Putting the medium frames in the bottom deep worked out very well! I rotated the third one back up, and I now have 3 reasonably well-drawn frames up there. They're drawing the bees up there, too, as the first one now has some uncapped honey and some uncapped brood.

Re: interleaving them with new foundation, I'd read in other threads that that can sometimes lead to "overdrawing" on the drawn frames with nothing on the new foundation. Or am I confusing that with a different scenario?

I put that one deep frame back in the middle of the bottom deep. Based on their activity so far I suspect they'll have it all built out by the time I get back next week.


----------



## IAmTheWaterbug

KQ6AR said:


> Be careful with those Backwards Beekeepers they have a reputation for keeping AHB instead of destroying them.
> Their reputation even precedes them all the way up here in the SF area. One of our local universities uses them as a bad example of beekeeping in an AHB area.

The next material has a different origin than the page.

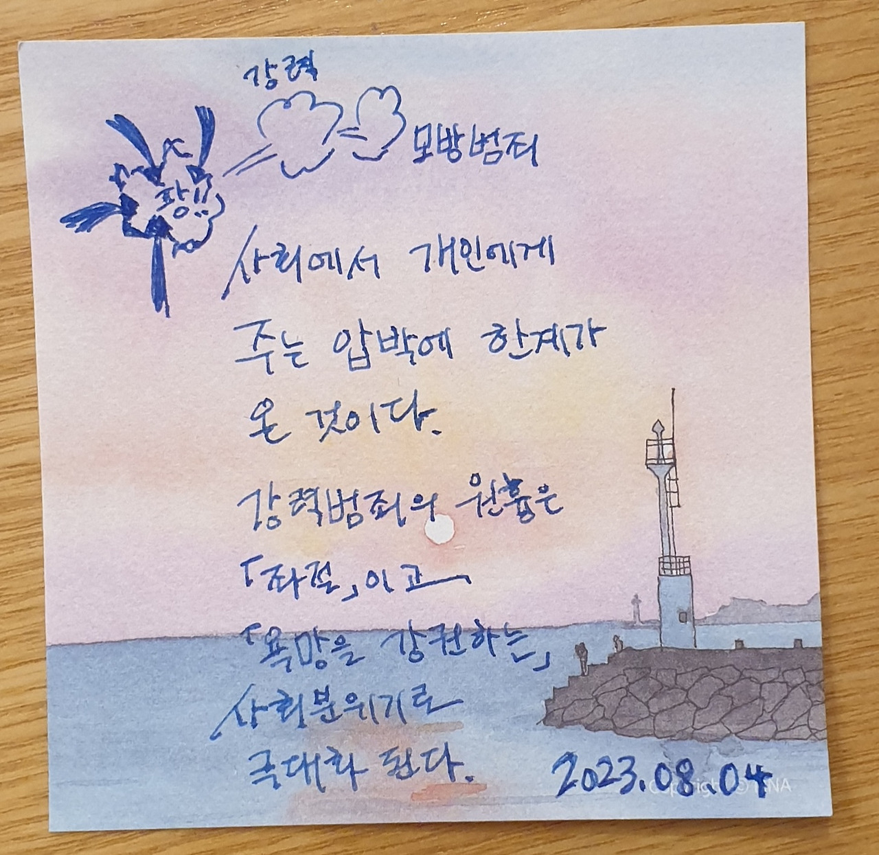 그들의 분노를 우리가 알기는 힘들다. 그렇지만 모방범죄가 유행처럼 한 순간에 일어나는 것으로 그들의 분노수준을 상상할 수 있다. 국뽕에 취해 우리의 치부를 보지 못하는 바보짓을 하면 안된다고 본다. 병든 사회를 고칠 골든타임이 있는지 조차 모르겠으나 병듦을 자각하지 못한다면 결과는 암울함 뿐이다.

It's a bit of a moot point, as Backwards Beekeepers disbanded as an organization about a year ago. But yes, the particular beek who did my cutout (twice) is very AHB-tolerant in his approach, which I'm OK with. 

My feral colony is moderately tempered. They buzz me pretty much continuously while the hive is open, but as soon as I close it up and walk away they calm down. One or two of them might follow me for 5 minutes, but I've never had a cloud of them follow me.


----------



## KQ6AR

I'm glad you have more common sense then some of them had. Enjoy the bees!


----------



## IAmTheWaterbug

IAmTheWaterbug said:


> I put that one deep frame back in the middle of the bottom deep. Based on their activity so far I suspect they'll have it all built out by the time I get back next week.


Looks like I was a tad optimistic :-/

The frameless deep frame I put back into the bottom deep 2 weeks ago still isn't fully built out.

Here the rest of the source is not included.